Previously, Ji et al., evaluated three independently developed and validated FE models of the human head by checking consistency across several brain mechanical responses.21 They observed remarkable differences in every mechanical response variable assessed. In this study, two different FE models of the human head (SIMon and GHBMC) were used, and strain results were compared to assess consistency. The correlation trends were similar regardless of the FE model used, with rotational-based metrics performing better than translational ones. Specifically, BrIC and RVCI were the best performing metrics and maximum resultant linear acceleration had the lowest correlation with MPS and CSDM. Consistency between the models suggests that these conclusions are not model dependent.

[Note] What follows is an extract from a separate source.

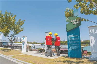 國(guó)網(wǎng)湖州供電公司工作人員前往城東水上服務(wù)區(qū)檢查岸電充電樁。沈媛 攝

Although various intracranial responses were used to rigorously evaluate both FE models, it is possible that the head kinematics and strain-based responses obtained in the current study fall outside the range of experimental data used to validate these models. Relative brain-skull displacement was previously validated using experimentally measured data from cadavers that were subjected to blunt head impacts in all three anatomical planes.15,16 These tests were designed to provide direct measurement of brain-tissue displacements for validation of FE models with application to TBI mechanisms in automotive and sport-related head impact environments. Head motion reported in the tests by Hardy et al. varied up to 291 g, 24 rad s−2, and 37 rad s−1 in maximum resultant linear head CG acceleration, angular acceleration, and angular velocity, respectively. Approximately 97, 100, and 60%, respectively, of the 660 head impacts in the current study fall within these ranges. Although only 60% of the angular velocities attained in the current study were covered by the Hardy et al. dataset, several studies have applied angular velocities from occupant and pedestrian crash tests with magnitudes exceeding 65 rad s−1 to the SIMon and GHBMC models without having significant stability issues.4952,55

Conclusions

The performance of fifteen kinematic-based brain injury metrics was assessed by comparing their correlation to tissue-level strain responses obtained from 660 head impacts simulated in two separate FE models of the human head. Results revealed rotation-only-based metrics to have higher correlation with FE model strains when compared to combined rotation-translation and translation-only metrics. Based on these findings, and the FE models used to derive strain-based metrics, kinematic brain injury criteria targeting closed head injuries, including DAI and concussion, should be based solely on rotational head kinematics. Furthermore, two angular velocity-based metrics, BrIC and RVCI, were found to have the highest overall correlation with this dataset. Although these metrics showed high capability for predicting FE model strains, their efficacy is limited to a specific regime of loading. Future kinematic-based brain injury criteria development should look to improve upon these two metrics. Doing so will help improve kinematic-to-strain predictions over a broader range of head impact conditions, and increase capabilities to discriminate the efficacy of improved countermeasures targeted for use in the design of head safety systems.